Bovine trypanosomiasis caused by Trypanosoma vivax is a relevant disease in domestic ungulates in Latin America, causing different types of livestock losses, particularly in African and South American countries, leading to loss of millions of dollars/year related to dairy and meat production. In addition, T. vivax trypanosomiasis requires intensive veterinary care. While vector control is a feasible measure to manage disease spreading, the search for accurate diagnostic tools still represents a gap in routine veterinary practices and a challenge for the scientific community.
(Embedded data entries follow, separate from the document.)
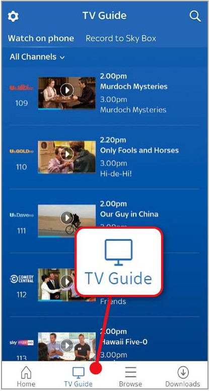 Sky customers should download the Sky Go app (www.snipca.com/54990), which is included with all Sky subscriptions and also available for Windows. Tap its TV Guide tab (see screenshot above) to stream what’s on now, or tap Browse to play shows on-demand.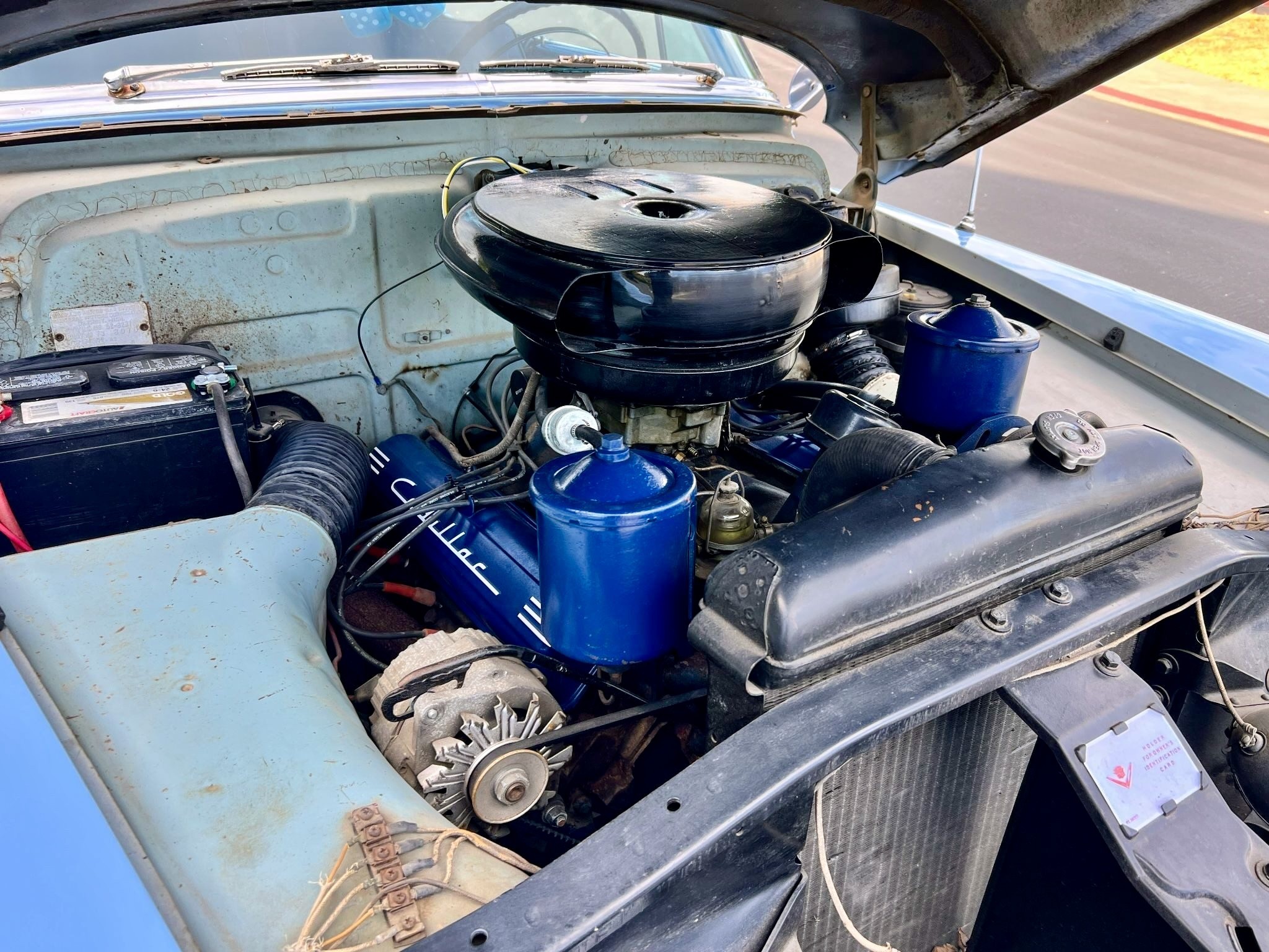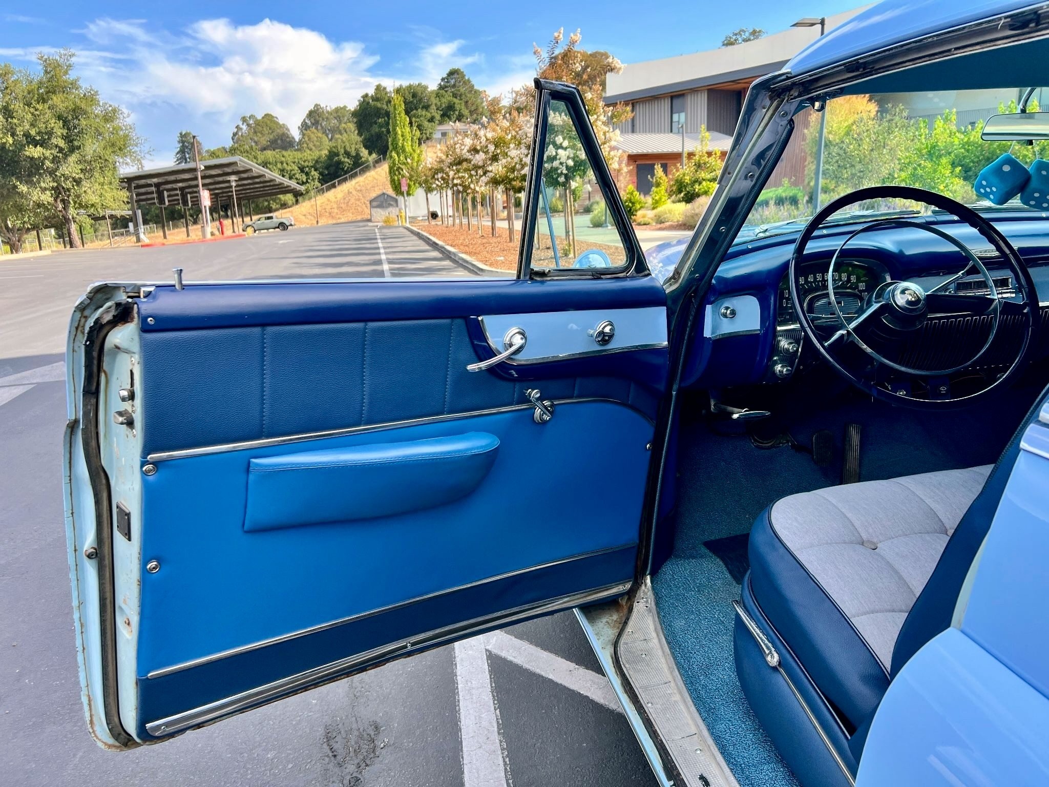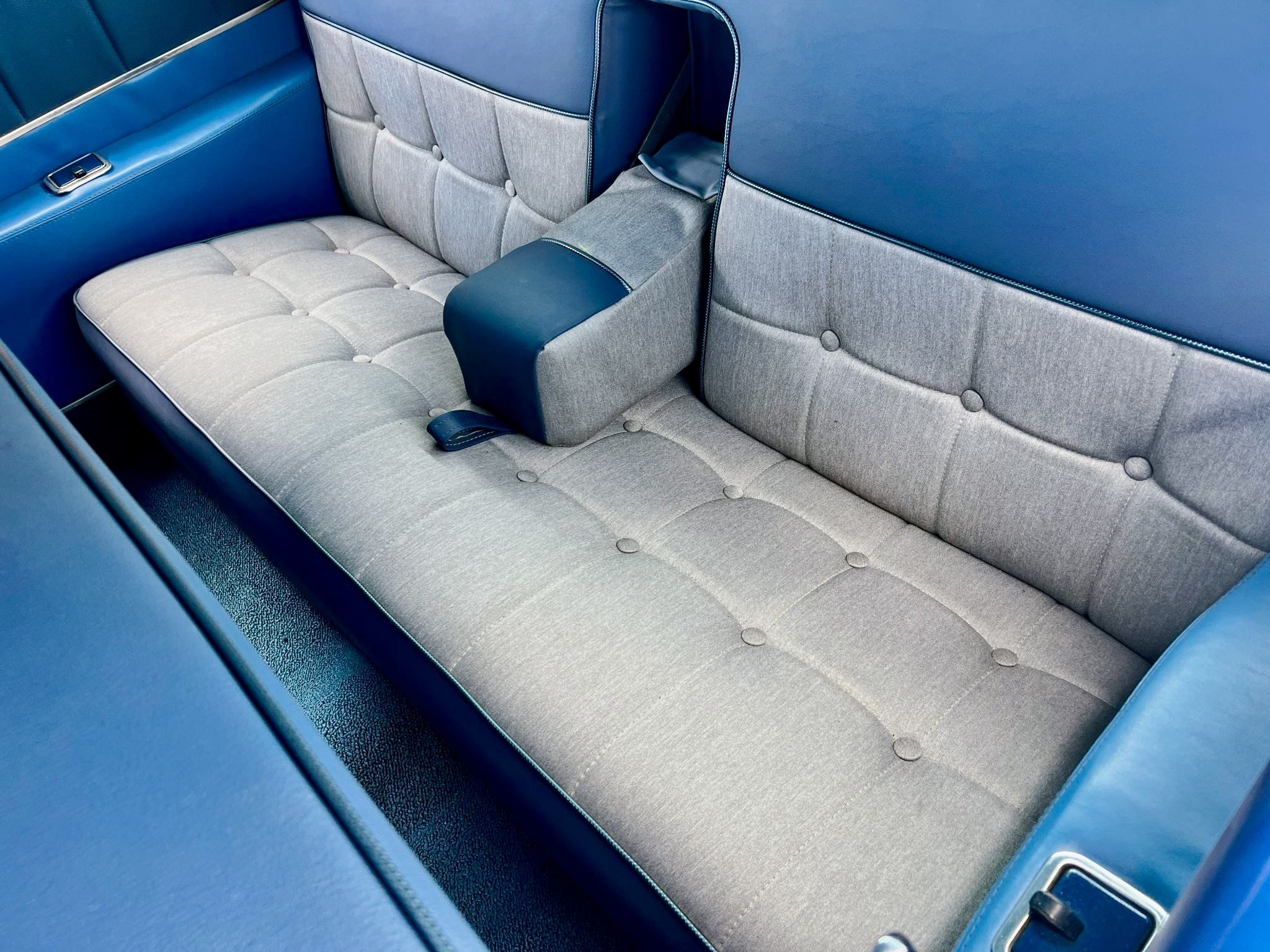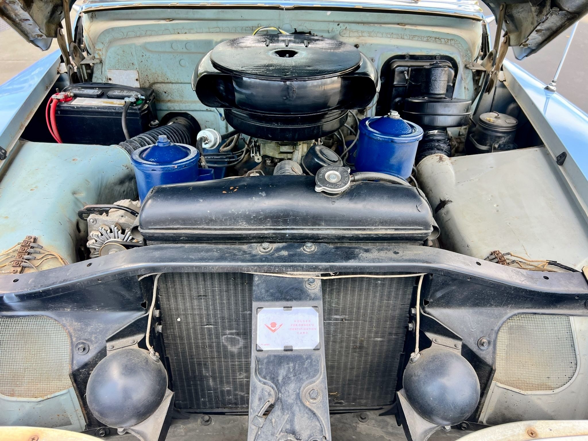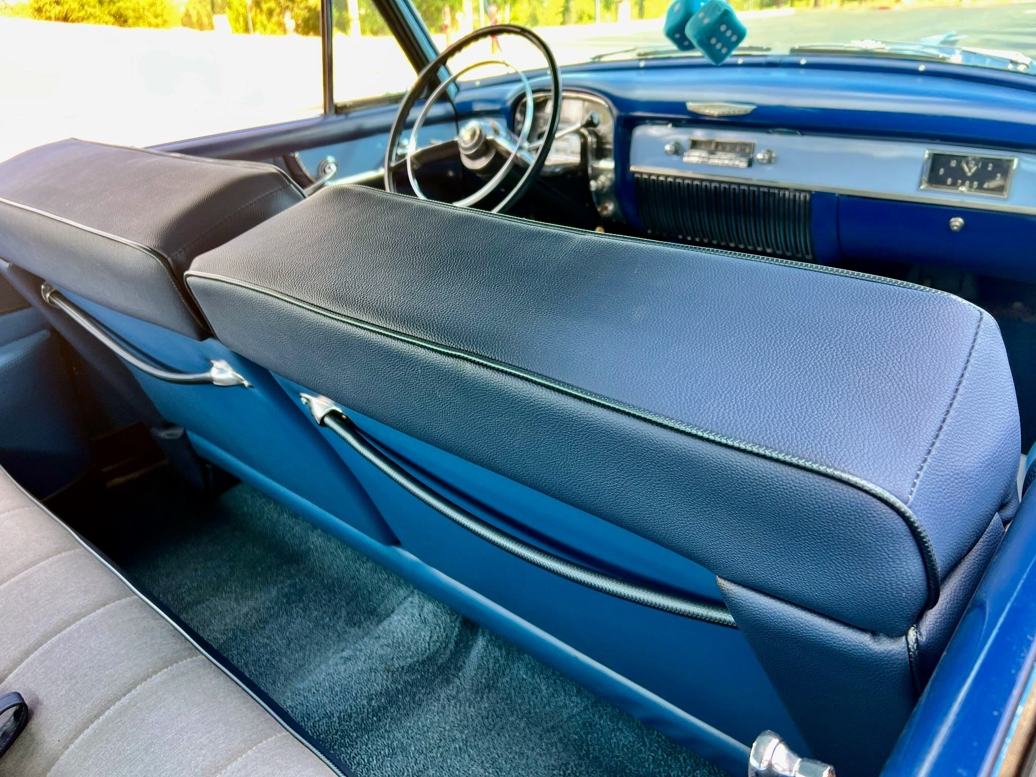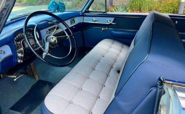 Although the paint job is only about a decade old, the door, trunk, and underhood jambs all wear their original coat of Olympic Blue. The body tag tells us that the car has paint code “20,” which means that it was originally painted Olympic Blue with a Nassau Blue roof. The current paint job is painted in a single tone, but it’s a nice-looking color that’s a fine complement to the code “42” interior: Light Blue Bedford Cord and Dark Blue Plain Broadcloth. The seller also notes that the body has some small dings, and there is a crack in the front passenger-side window glass.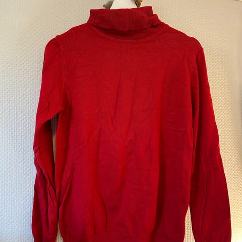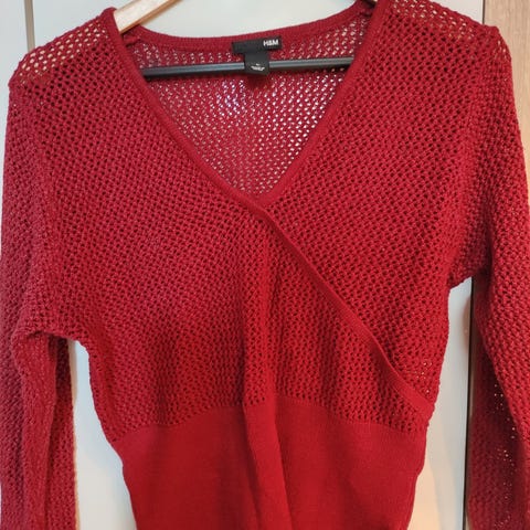 H&M Genser i rød farge, størrelse L for dame. Laget av ribbestrikket materiale med en asymmetrisk halsdesign. Passer til hverdagsbruk og kan kombineres med ulike antrekk.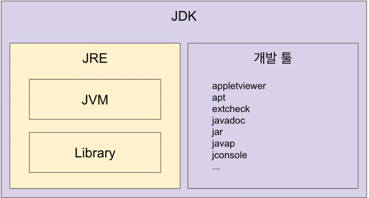 JDK(Java Development Kit): JRE + 개발 툴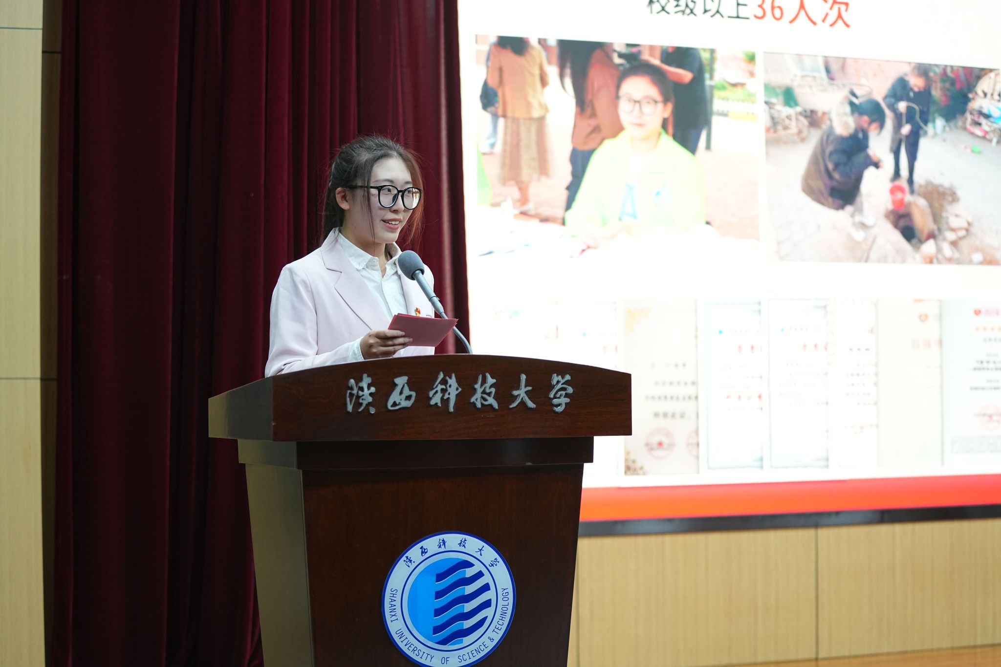 大會最后,校至誠至博獎學(xué)金獲得者、2020級學(xué)生陳益嘉,講述了她保研天津大學(xué)的奮斗歷程,分享了三年多以來在志愿服務(wù)、科技創(chuàng)新等方面精彩充實的大學(xué)生活,鼓勵同學(xué)們志存高遠,腳踏實地。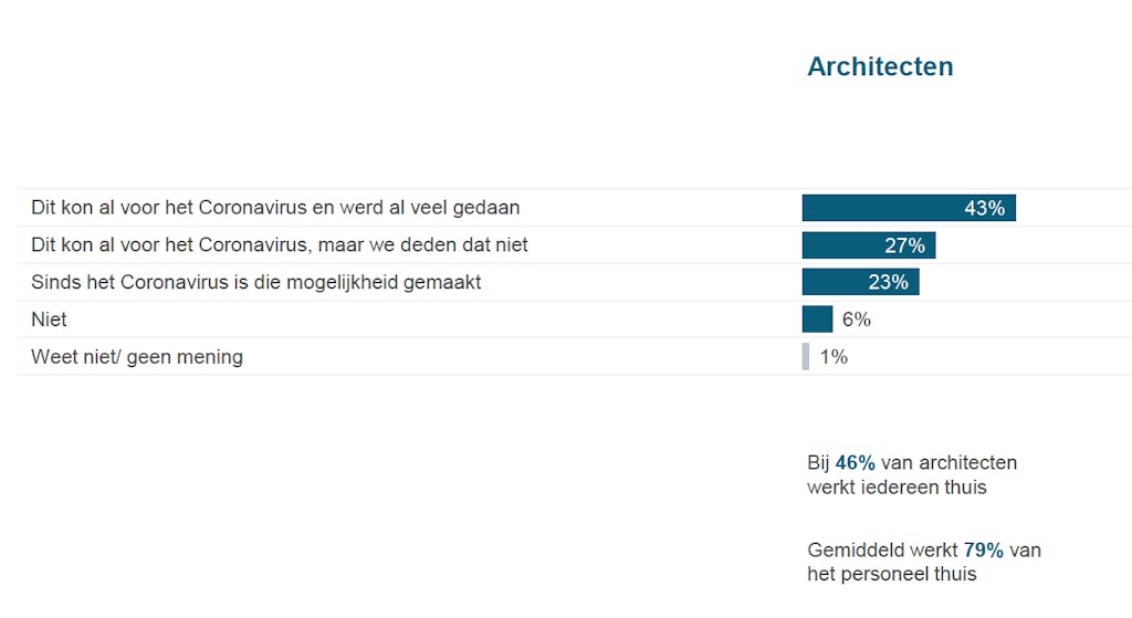 Het beeld dat architecten vrij moeiteloos de overgang naar thuiswerken hebben gemaakt, wordt in het onderzoek bevestigd. Bij 46% van de bureaus werkt alle personeel thuis. Gemiddeld blijkt bijna tachtig procent van het personeel thuis te werken.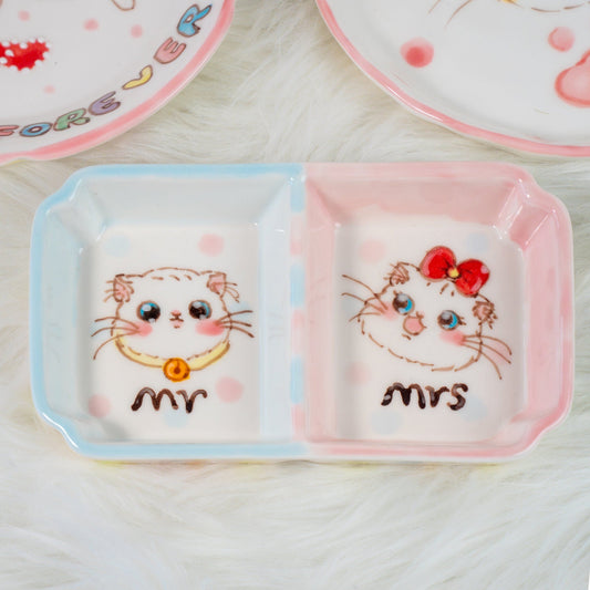 Mr and Mrs Ring Dish Engagement Cat Ring Dish, Wedding Ring Dish, Wifey Gift, Ceramic Cat Jewelry Dish, Bride and Groom, Jewelry Dish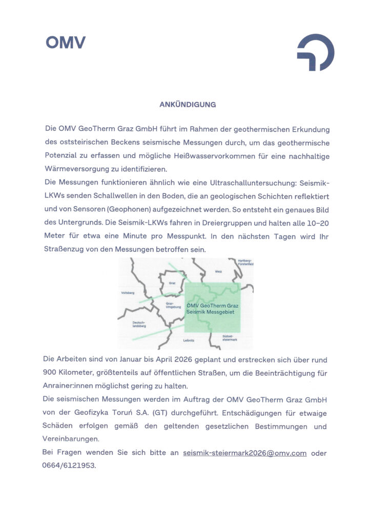 Weitere Informationen zur Seismik erhalten Sie hier: Zukunftsenergie für Graz: Seismische Messungen starten 2026 | OMV.at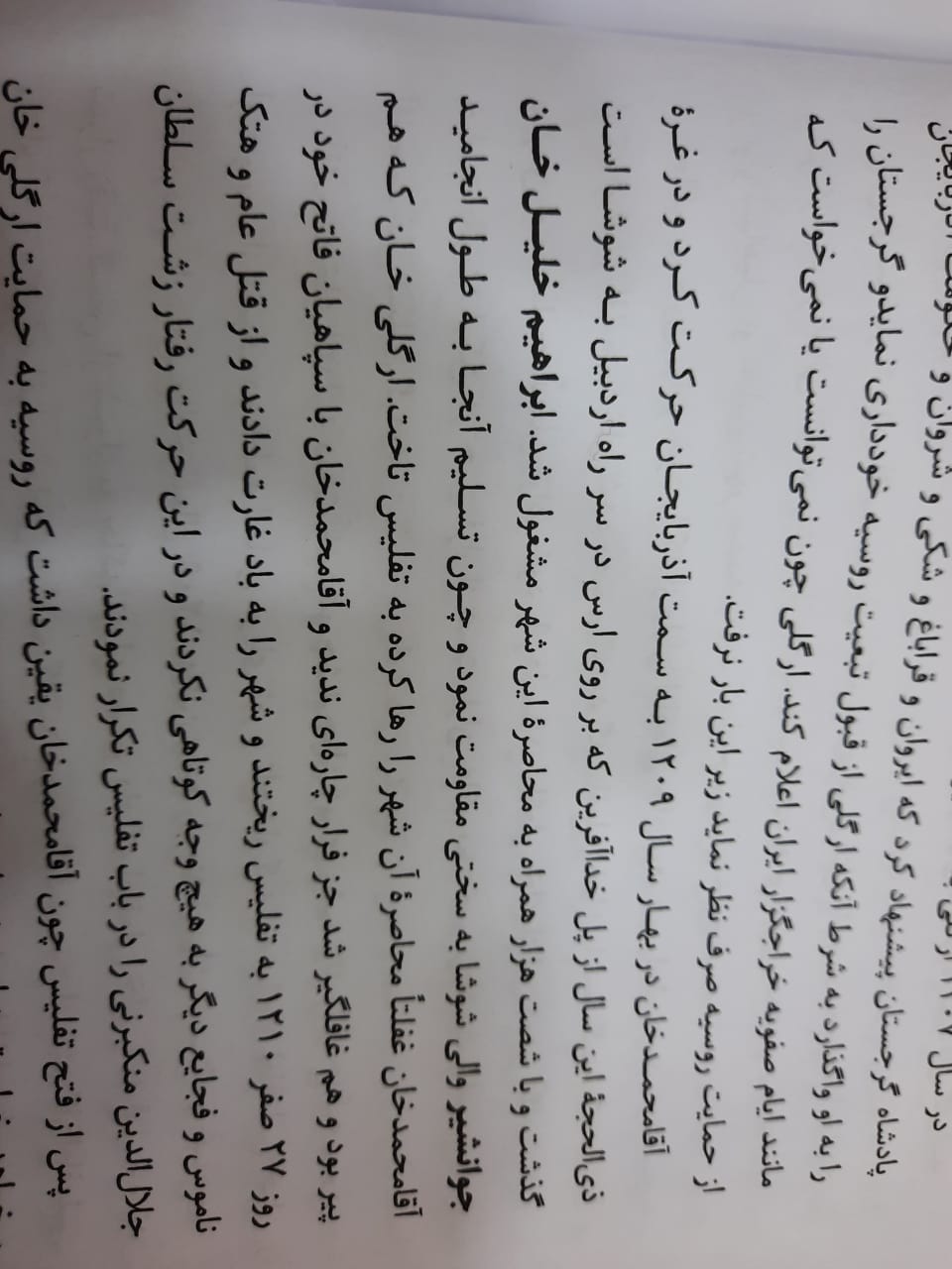 Bu, kitabda olan çoxsaylı nümunələrdən yalnız az bir hissəsidir. Kitabın digər qismlərinə nəzər saldıqda isə təkcə ermənilərin necə xəyanətkarcasına Sisianovu Gəncəni işğal etməyə çağırması deyil, həm də İrəvanın da tarixdə Azərbaycan türkləri olan Qacarlara məxsus olması və onlar tərəfindən idarə edilməsi barədə tarixi həqiqətlərin elə İran tarixçilərinin əli ilə yazıldığının şahidi oluruq.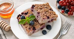 - Pecite – smjesu ravnomjerno rasporedite u pripremljenu posudu, po vrhu posipajte preostalo bobičasto voće i pecite 30-35 minuta, dok ne dobije zlatno-smeđu boju.

The parasite is mechanically transmitted by fomites or by the saliva of haematophagous flies, such as Stomoxys sp. and Tabanus sp., infecting cattle as well as a number of animal hosts. The main symptoms of T. vivax bovine trypanosomiasis are apathy, fever, restricted growth, miscarriage, progressive weakness, neurological signs, pale mucous, loss of appetite, lethargy, and substantial weight loss. In most cases, the presence of animals with subclinical infections, nonspecific symptoms and without apparent parasitaemia presents a challenge when making a diagnosis, which requires accurate methods. Herein, we review state of the art concerning current methods available for the diagnosis of T. vivax bovine trypanosomiasis, focusing on clinical, parasitological, immunological and molecular approaches, highlighting the main features of each method, including "pros and cons". Overall, combining several diagnostic techniques is a better choice since it leads to fewer false negative results and contributes to better disease control.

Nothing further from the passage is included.